State Sen. Chris Hall’s interesting comments reported last weekend about the way Maine redistributes its tax dollars will cause outrage in northern Maine and a few smug nods to the south. But the overwhelming reaction should be puzzlement with the senator, who questioned whether spending on the state’s rural regions was fair or needed.
Specifically, Sen. Hall of Bristol confirmed to BDN reporter A.J. Higgins he believes northern Maine is a region “full of empty roads that need to be plowed [with] … an aging, poor population who rely on government health care services.” While wealthy counties along the coast provide tax dollars to the state, “the other 11 counties are net takers out, so to speak, or net gainers,” he said. “I think we need a balance in the state that reflects the realities of where our population is today.” That is a not very subtle way of saying rural Maine should be abandoned, in whole or part, by the state.
Unfortunately, Sen. Hall is not alone in feeling this way. In the past, year after year, decade after decade, state politicians have talked about the plight of rural Maine and spent money to maintain the most basic of services, but planned for almost nothing in the way of improvements, so the situation grew worse – population declines, fallen wages, plummeting real estate values.
Comments such as the ones offered by Sen. Hall are wrong on their surface because they make false distinctions between various parts of Maine.
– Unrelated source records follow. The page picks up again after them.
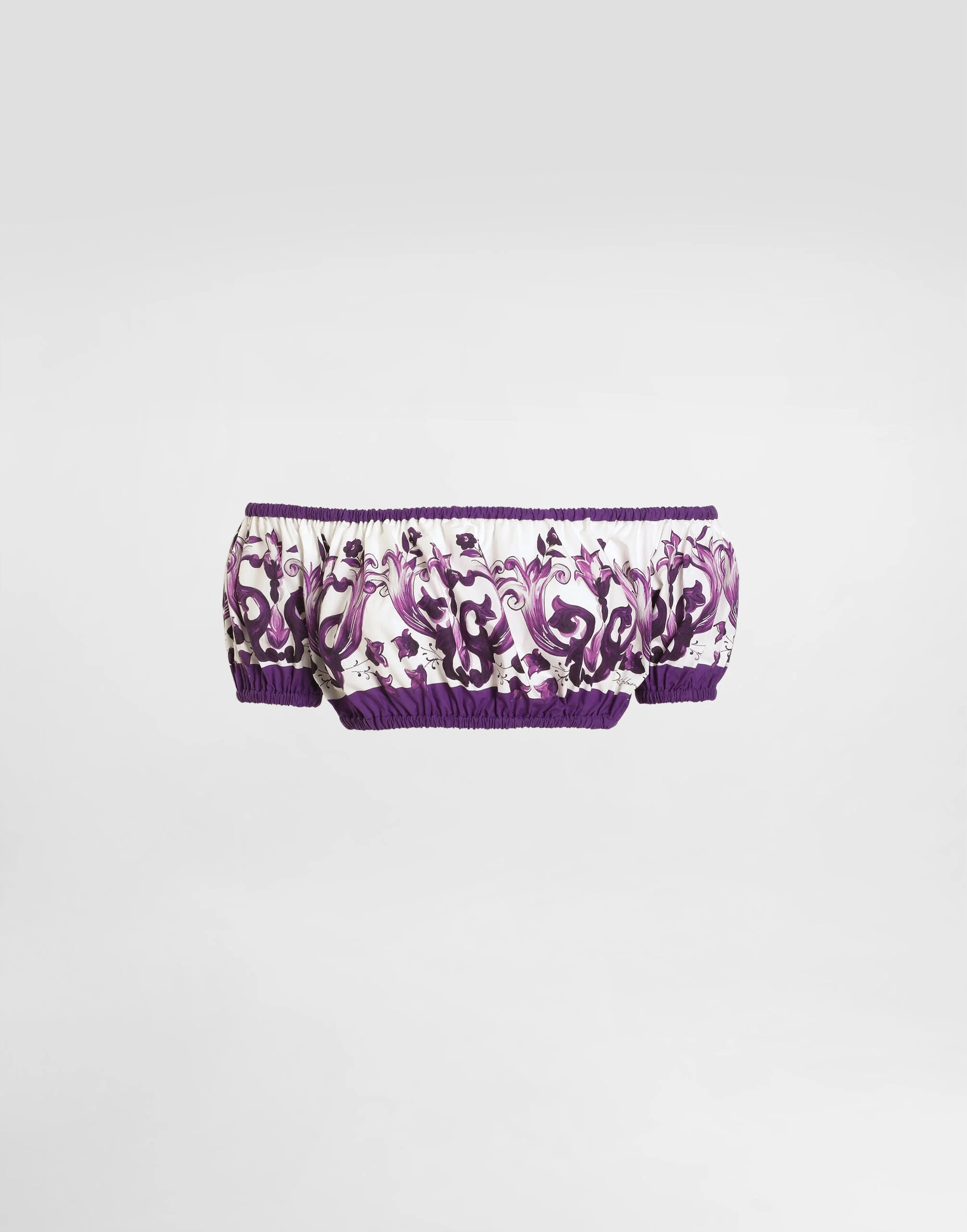 This poplin top is a versatile and fashionable piece that is perfect for adding a touch of style to your everyday wardrobe. With its unique design and Majolica print, it stands out for its elegance and character. Poplin top with Majolica print: • Multi-coloured • The model is 175 cm tall and wears size 40 IT • Made in Italy The difference in the print placement that you may find on this product is a feature of Dolce&Gabbana’s “Handmade” pieces. A detail that makes every garment or accessory unique and exclusive. External Composition: 100% Cotton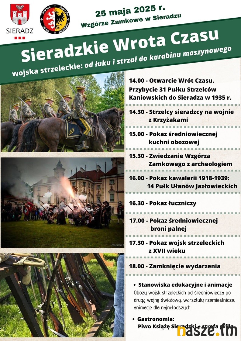 Łucznicy, kusznicy, strzelcy czarnoprochowi, a nawet... ułani i strzelcy kaniowscy - wojska II Rzeczypospolitej, oraz powstańcy styczniowi. Sieradzkie wzgórze zamkowe stanie się dziś przestrzenią prezentacji jednostek wojskowych, posługujących się bronią strzelecką na przestrzeni dziejów.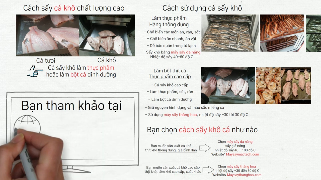 Trên đây đã chia sẻ cách sấy cá khô giữ nguyên hình dạng và màu sắc, không bị co ngót, nếu anh chị cần tìm hiểu thêm về máy sấy cá khô hoặc các thiết bị sấy thực phẩm khác thì có thể liên hệ để được tư vấn chi tiết và lựa chọn thiết bị phù hợp với nhu cầu sử dụng.
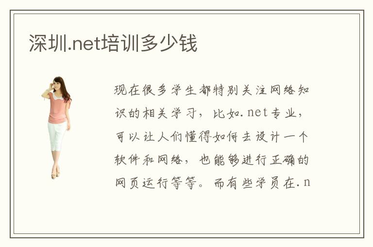 现在很多学生都特别关注网络知识的相关学习,比如.net专业,可以让人们懂得如何去设计一个软件和网络,也能够进行正确的网页运行等等。而有些学员在.net专业领域方面并不是特别重视,或者是忽略了专业的培养方法,那么可能就很难发挥出满意的成绩。所以大家应该要多多关心这些内容,掌握各种不同的深圳.net培训多少钱。深圳.net培训多少钱,可能在3000~8900。因为现在的课程设置内容实在太多,而有些学生可能就不太了解这些内容,但是有专业的老师帮助,也许就可以节省很多时间,制定科学.net专业内容,因此未来也不会有太多障碍。深圳.net培训多少钱影响因素,要看个人的学习时间以及培养的基础、培训的内容、基本的配套设施等等。如果学生的能力很强,资源配套更完善,那么这些机构有更高收费标准也是合乎情理。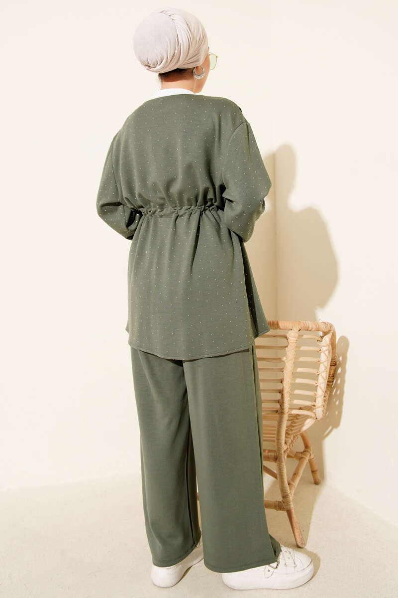 Loyşa Taşlı Bel Tünelli İkili Takım Siyah

For instance, he ignores that wealthier Maine would not be so attractive if it were surrounded by, say, Newark, N.J., rather than being buffered by the rural counties he disparages and his neighbors visit.
They are more importantly wrong because the money being spent in rural Maine is spent in part to change a pattern of rural decline, experienced here and elsewhere, that creates the income disparity he finds irritating. The Baldacci administration has taken the annual report cards from the Maine Economic Growth Council seriously: through investing in its Pine Tree Zones it has created 1,400 jobs in low-income areas around the state. It has approved one of the most important advances for rural Maine in years: the creation of the Community College System. It has established, through a Blaine House Conference, an extended plan to expand natural-resource-based businesses – the backbone of rural Maine.
All of these cost tax dollars and given the long and dismal record of Augusta on this issue, divisive thinking about that money during a campaign isn’t especially surprising. But Sen. Hall and Gov. Baldacci belong to the same party; they are presumably working toward common ends to the betterment of Maine. If a member of the Legislature doesn’t understand the direction Maine is trying to move in, what chance does the public have?
The Baldacci administration has begun the first effort in years to allow rural Maine to succeed by providing it the resources – education, infrastructure, tax breaks – it needs. The alternative is to stand by and watch most of Maine suffer a slow death. You don’t need to run for office to do that.